Task instructions :: The response should contain all of the data below, reproduced exactly, and no pictures.
--- START ---
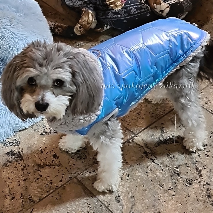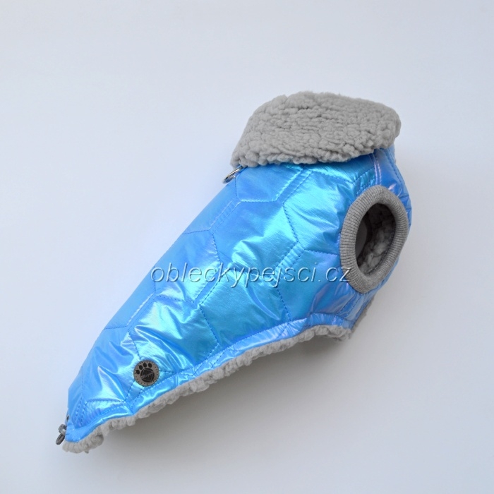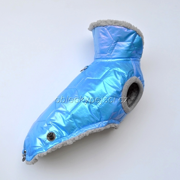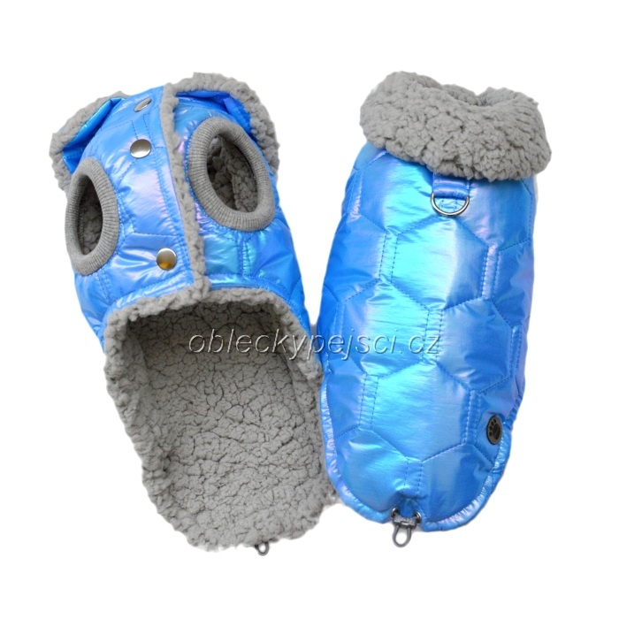 Zimní bunda pro malé psí kluky modrá s duhovými odlesky podšitá velmi heboučkou, příjemnou sherpou
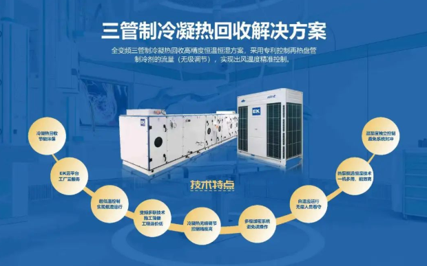 EK全变频三管制冷凝热回收高精度恒温恒湿方案,采用专利控制再热盘管制冷剂的流量(无级调节),实现出风温度精准控制。该机组集送风、制冷、热回收、供热、加湿、除湿、空气净化及电气控制组合为一体,适用于医院手术室、ICU、PCR实验室等需要恒温恒湿的场所。
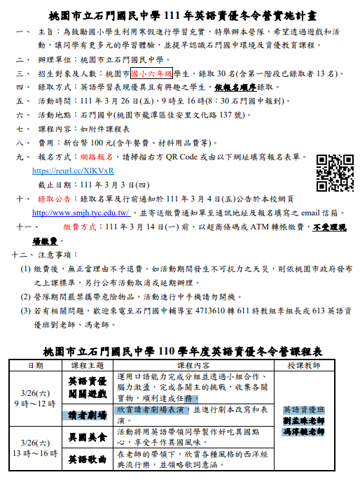 3) 1110210年石門國中英語資優冬令營因疫情延後至0326日辦理0303前開放第二階段報名1.pdf
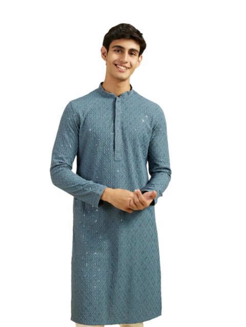 DIWAS BY MANYAVAR Men’s Viscose Embroidery|Sequin Work Kurta (Greyish Blue,S)
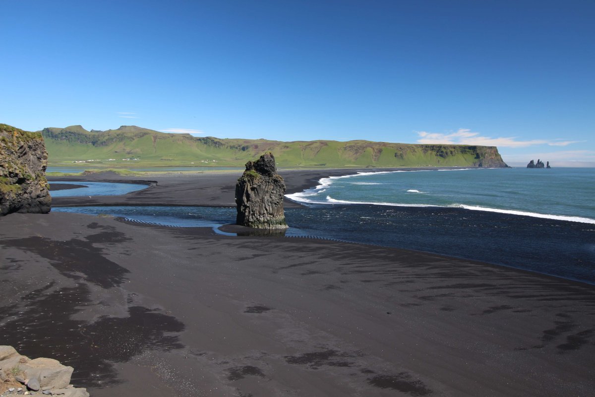 Едем дальше. По пути останавливаемся на готовку и перекус жареной картошечкой, а после едем поближе к городу Vik на красивый пляж с вот такой известной скалой:
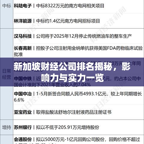 新加坡,这座繁荣的岛国以其开放的经济政策、优越的地理位置和先进的金融服务业著称于世,在全球财经领域,新加坡的财经公司以其卓越的表现和创新能力赢得了极高的声誉,本文将探讨新加坡财经公司的排名及其影响力。
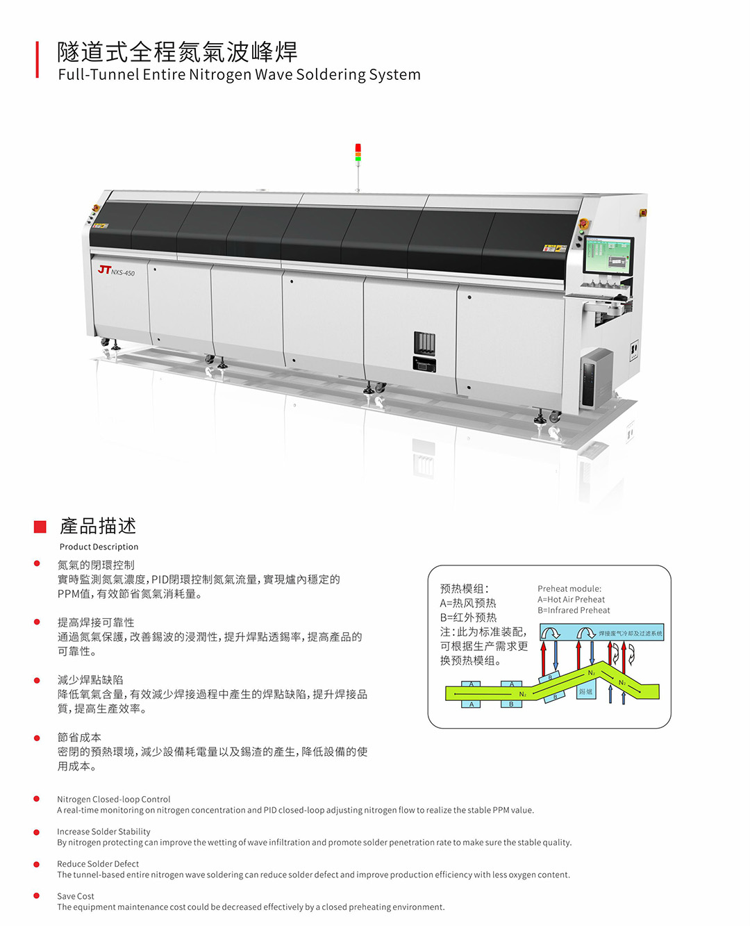 隧道式氮氣波峰焊,通過降低爐內(nèi)氧氣含量,有效減少焊接缺陷,保證焊接品質(zhì),提高生產(chǎn)效率。
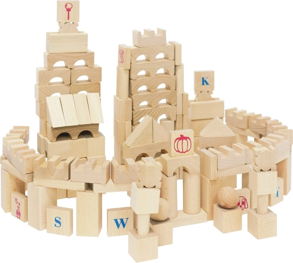 Descoperiți distracția atemporală cu setul mare de cărămizi din lemn natural. Cu 220 de forme variate, copiii pot construi cu ușurință castele, turnuri, poduri și chiar orașe întregi. Suprafața netedă și prelucrarea de calitate asigură jocul în siguranță, în timp ce literele, numerele și simbolurile de pe anumite piese susțin învățarea naturală prin joc.
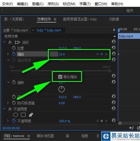 5、然后指定好畫面的縮放比例,比如我指定成等比例和百分之十五的縮放。
--- END ---
Answer box ::
 Zimní bunda pro malé psí kluky modrá s duhovými odlesky podšitá velmi heboučkou, příjemnou sherpou
 EK全变频三管制冷凝热回收高精度恒温恒湿方案,采用专利控制再热盘管制冷剂的流量(无级调节),实现出风温度精准控制。该机组集送风、制冷、热回收、供热、加湿、除湿、空气净化及电气控制组合为一体,适用于医院手术室、ICU、PCR实验室等需要恒温恒湿的场所。
 3) 1110210年石門國中英語資優冬令營因疫情延後至0326日辦理0303前開放第二階段報名1.pdf
 DIWAS BY MANYAVAR Men’s Viscose Embroidery|Sequin Work Kurta (Greyish Blue,S)
 Едем дальше. По пути останавливаемся на готовку и перекус жареной картошечкой, а после едем поближе к городу Vik на красивый пляж с вот такой известной скалой:
 新加坡,这座繁荣的岛国以其开放的经济政策、优越的地理位置和先进的金融服务业著称于世,在全球财经领域,新加坡的财经公司以其卓越的表现和创新能力赢得了极高的声誉,本文将探讨新加坡财经公司的排名及其影响力。
 隧道式氮氣波峰焊,通過降低爐內(nèi)氧氣含量,有效減少焊接缺陷,保證焊接品質(zhì),提高生產(chǎn)效率。
 Descoperiți distracția atemporală cu setul mare de cărămizi din lemn natural. Cu 220 de forme variate, copiii pot construi cu ușurință castele, turnuri, poduri și chiar orașe întregi. Suprafața netedă și prelucrarea de calitate asigură jocul în siguranță, în timp ce literele, numerele și simbolurile de pe anumite piese susțin învățarea naturală prin joc.
 5、然后指定好畫面的縮放比例,比如我指定成等比例和百分之十五的縮放。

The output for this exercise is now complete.